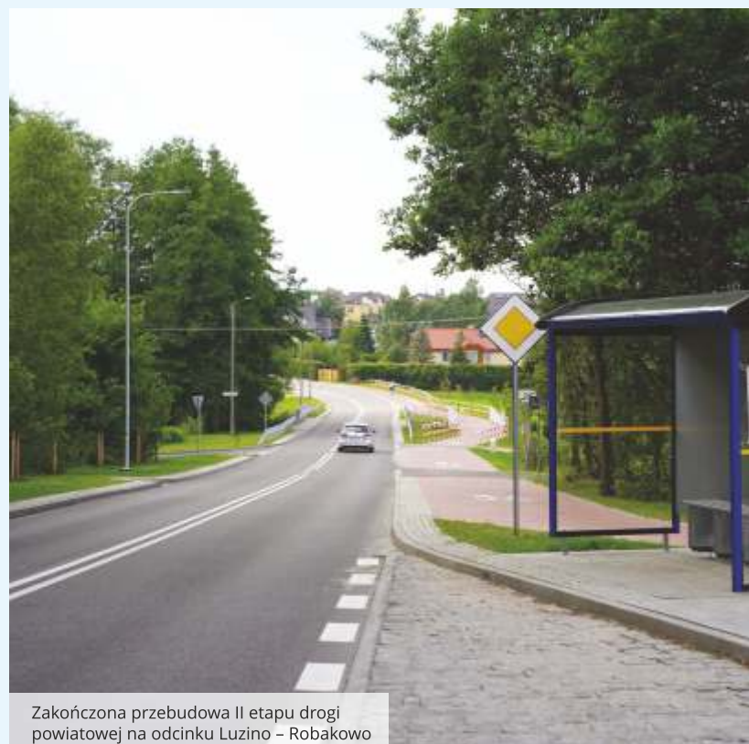
Zakończona przebudowa II etapu drogi powiatowej na odcinku Luzino – Robakowo

Rozwój infrastruktury drogowej i transportowej to filary sprawnego funkcjonowania regionu. Nie zamierzamy zwalniać tempa, w planach są kolejne inwestycje, które odpowiadają na potrzeby mieszkańców. Warto jednak zaznaczyć, że zakres i szybkość realizacji poszczególnych zadań w dużej mierze uzależnione są, jak już to wcześniej zaznaczyłem, od możliwości pozyskania zewnętrznego finansowania. Jesteśmy aktywni w tym zakresie i sięgamy zarówno po środki rządowe, jak i unijne. W nadchodzących latach część projektów będzie również finansowana z tzw. funduszy jądrowych, związanych z budową pierwszej elektrowni jądrowej w naszym powiecie. W ramach rządowego programu wspierania inwestycji samorządowych przewidziano 72 mln zł na zadania infrastrukturalne na terenie powiatu wejherowskiego. To ogromna szansa na rozwój – szczególnie w obszarach, które znajdują się w zasięgu oddziaływania tej strategicznej inwestycji. Dzięki temu poprawi się zarówno bezpieczeństwo, jak i codzienny komfort życia mieszkańców.
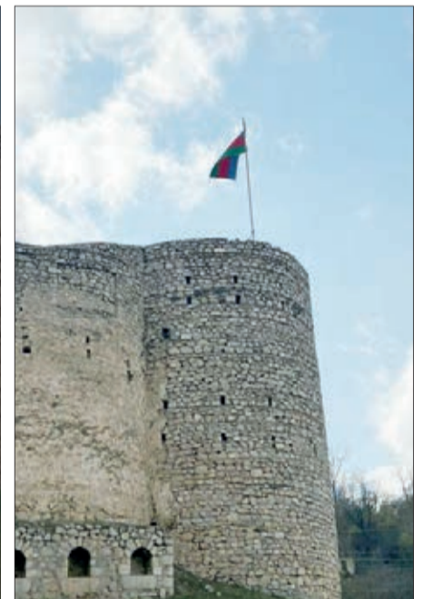
Azərbaycanın Birinci vitse-prezidenti Mehriban Əliyeva rəsmi "Instagram" səhifəsində Şuşadan fotolar paylaşılıb.

Birinci vitse-prezident paylaşımında yazıb: "Şuşa. 07.11.2023".

§ **WHAT YOU SHOULD DO**
Set down, word for word and with no other lines, the listing from the line marked by "Azərbaycanın Birinci vitse-prezidenti" through its final line.

§ **ANSWER AREA**
Azərbaycanın Birinci vitse-prezidenti Mehriban Əliyeva rəsmi "Instagram" səhifəsində Şuşadan fotolar paylaşılıb.

Birinci vitse-prezident paylaşımında yazıb: "Şuşa. 07.11.2023".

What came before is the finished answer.